On Nov 11 2014, Van Snyder wrote:
>
>Sylvain Collange et al remark in ...
>
>that parallel computations, especially reductions, are non-deterministic
>due to floating-point computations not being computationally
>associative.

Which has been well-known for at least half a century.  Indeed, it is
best to regard ALL floating-point computations as non-deterministic,
because of the way that optimisation and different underlying algorithms
affect the result.  That is the model used for traditional numerical
analysis, after all.

>This method can accumulate an exact dot product as fast as data can be
>provided.  With a super accumulator, the method is somewhat simpler than
>a floating-point fused-multiply-add.  The size of the superaccumulator
>advocated therein is 536 bytes (4288 bits) for IEEE binary64 format.
>Contemporary processors have 16k of registers that could be organized
>into a super accumulator.

Which, inter alia, will increase the network and memory bandwidth
required by a factor of nearly 70.  Or, in the case of IEEE 128-bit,
a factor of over 500.

More importantly, this trick (and it is simply a trick) handles
ONLY reduction by summation.  It can't be extended to multiplication,
let alone to more complicated reductions.

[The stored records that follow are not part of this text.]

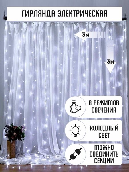 Гирлянда штора 3 на 3, с пультом и с удлинителем. 8 режимов
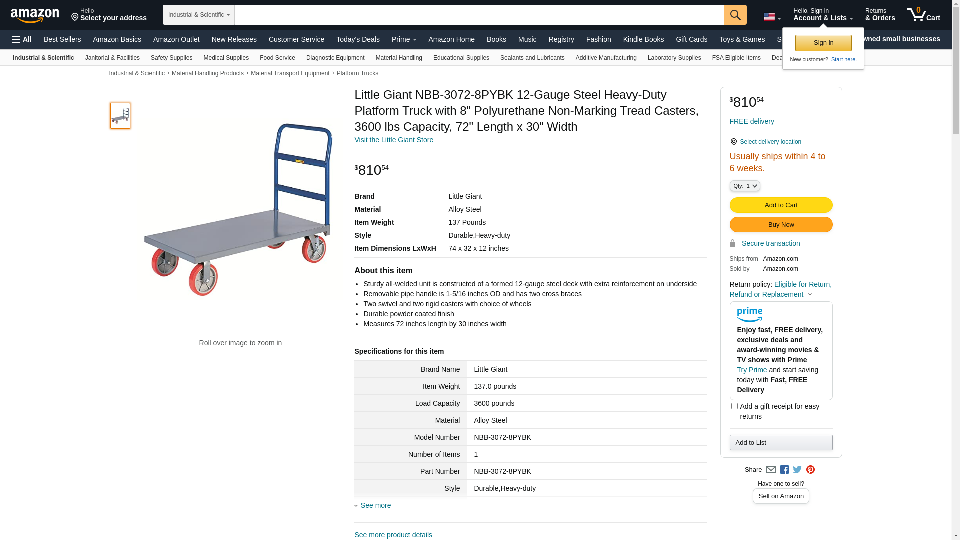 Little Giant NBB-3072-8PYBK 12-Gauge Steel Heavy-Duty Platform Truck with 8" Polyurethane Non-Marking Tread Casters, 3600 lbs Capacity, 72" Length x 30" Width
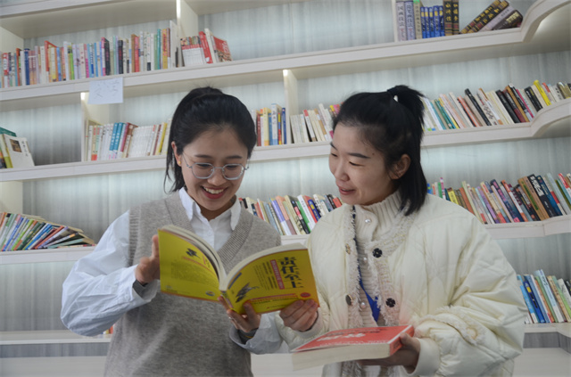 图为公司女职工薛湛然(左)和芦成雨(右),在职工书屋讨论读书心得的情形。
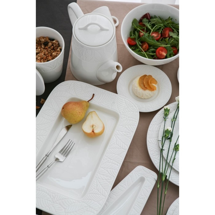 Посуда Magistro серии Сrotone – это безупречно изящная коллекция посуды из белоснежного фарфора, достойная украсить даже королевский стол. Традиционная форма изделий остается всегда актуальной и выглядит благородно. Рельефный узор в виде листьев выглядит особенно утончённо и придает посуде индивидуальности. Посуда Magistro Сrotone идеально впишется в любой современный интерьер!
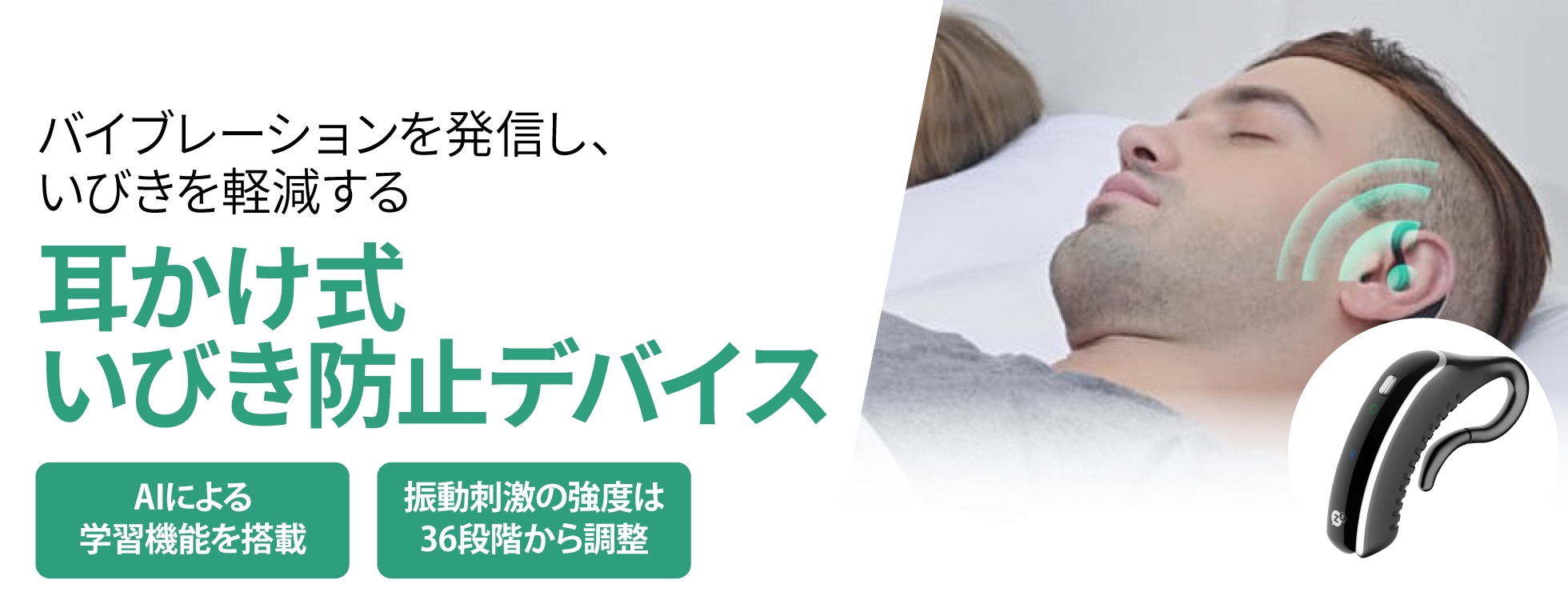 AI機能と骨伝導のダブルセンサーでいびきをキャッチし、振動刺激を発信
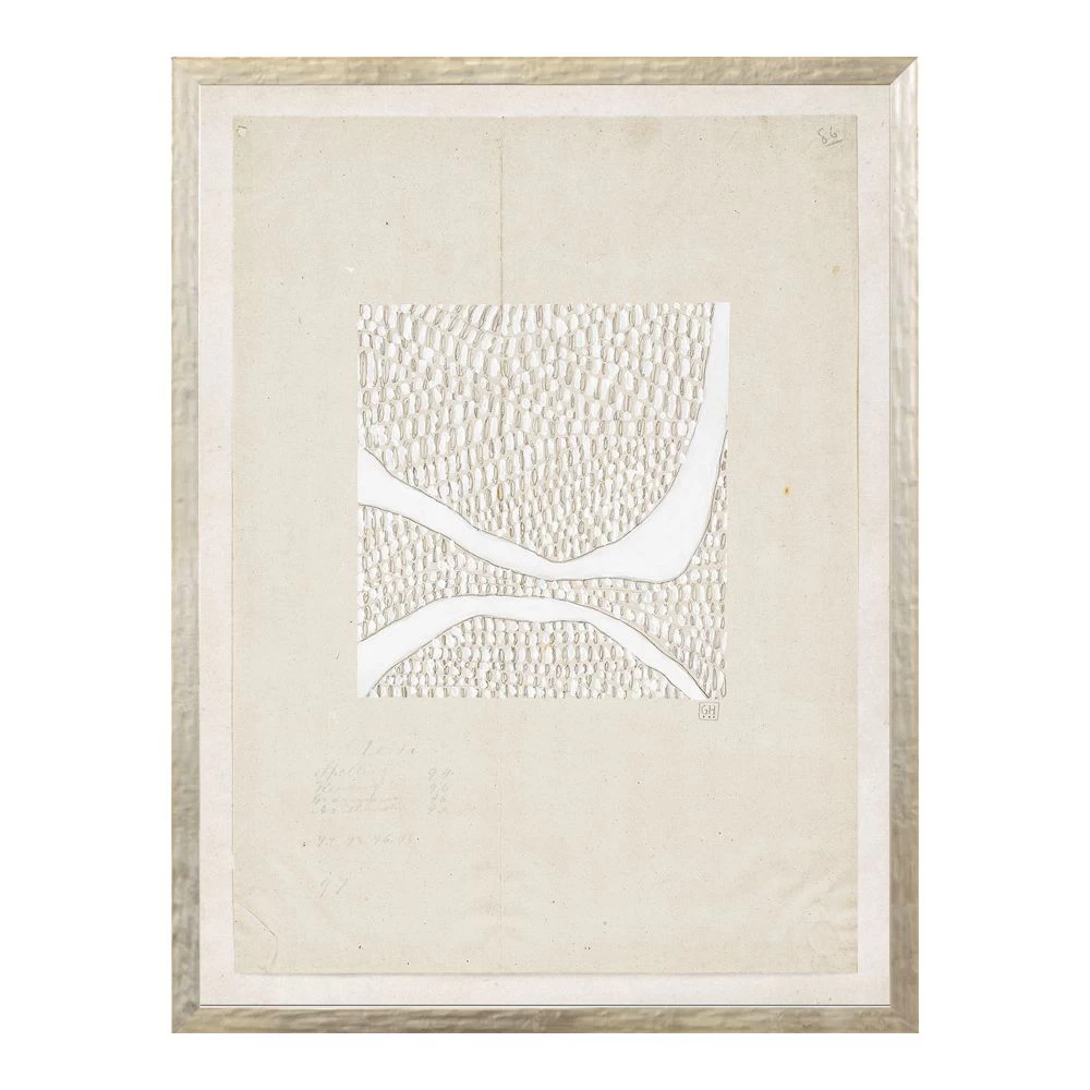 A series of 24 white-on-neutral abstract drawings in a warm silver mottled frame.
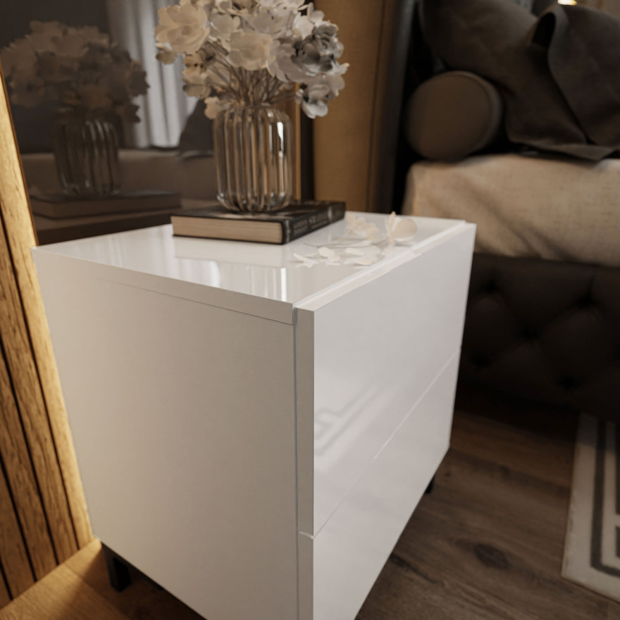 Stolik nocny LINA LUX to stylowy mebel, którego nie może zabraknąć w Twojej sypialni! Wychodząc na przeciw oczekiwaniom naszych klientów, wprowadziliśmy nową odsłonę naszej szafki nocnej. Model został nie tylko wysmuklony, dzięki czemu idealnie sprawdzi się w sypialniach o niewielkim metrażu, ale również został wzbogacony o blat w wysokim połysku, który doda wnętrzu nowoczesności i szyku.
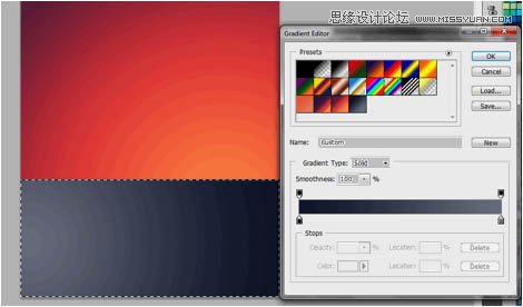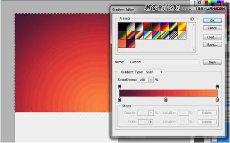 3、现在,使用渐变工具,我们将要在选框工具的范围内创造一种对角的渐变。当然了,你可以使用你想要的颜色。在本例中,我们用了紫色,亮红色和橙色来做,这样很好地契合了我们“怀旧”的主题。
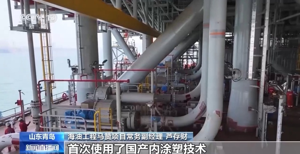 海油工程馬贊項目常務(wù)副經(jīng)理 蘆存財:我們現(xiàn)在看到的是36寸原油外輸管線,首次使用了國產(chǎn)內(nèi)涂塑技術(shù),解決硫化氫高的同時,實現(xiàn)了25年的長期安全服役。
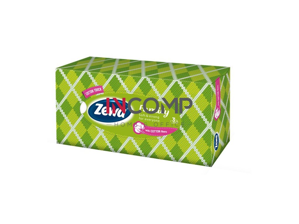 Papierové vreckovky, 3-vrstvové, 90 ks, ZEWA "Family", bez vône
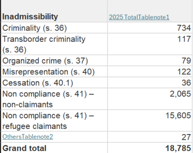 加拿大在2024年驅逐了18,000人,這是自2006-2015年斯蒂芬·哈珀政府以來的最高數字。

>The present descriptions of REDUCE and CO_REDUCE do not accomodate the
>use of EXACT_DOT_PRODUCT.  If EXACT_SUM is parallel to SUM, it also
>cannot be used in those contexts.  An alternative to EXACT_SUM that
>takes two scalar arguments that are independently either floating-point
>(of any kind) or complete, and produces a complete result, would allow
>to use it in those contexts.

Yes, it can.  All you need to do is the following:

    Write a call EXACT_DOT_PRODUCT or EXACT_SUM

    Expand the multiplication or number in that call to a suitable
    derived type or array

    Call CO_REDUCE on that expanded form with a suitable operation

    Reduce the result to normal precision and store it back

If it were regarded as desirable that the standard should include such
a facility, it would be FAR cleaner to have specific intrinsics, and/or
an optional argument to CO_SUM, because this is not a general facility.


Regards,
Nick.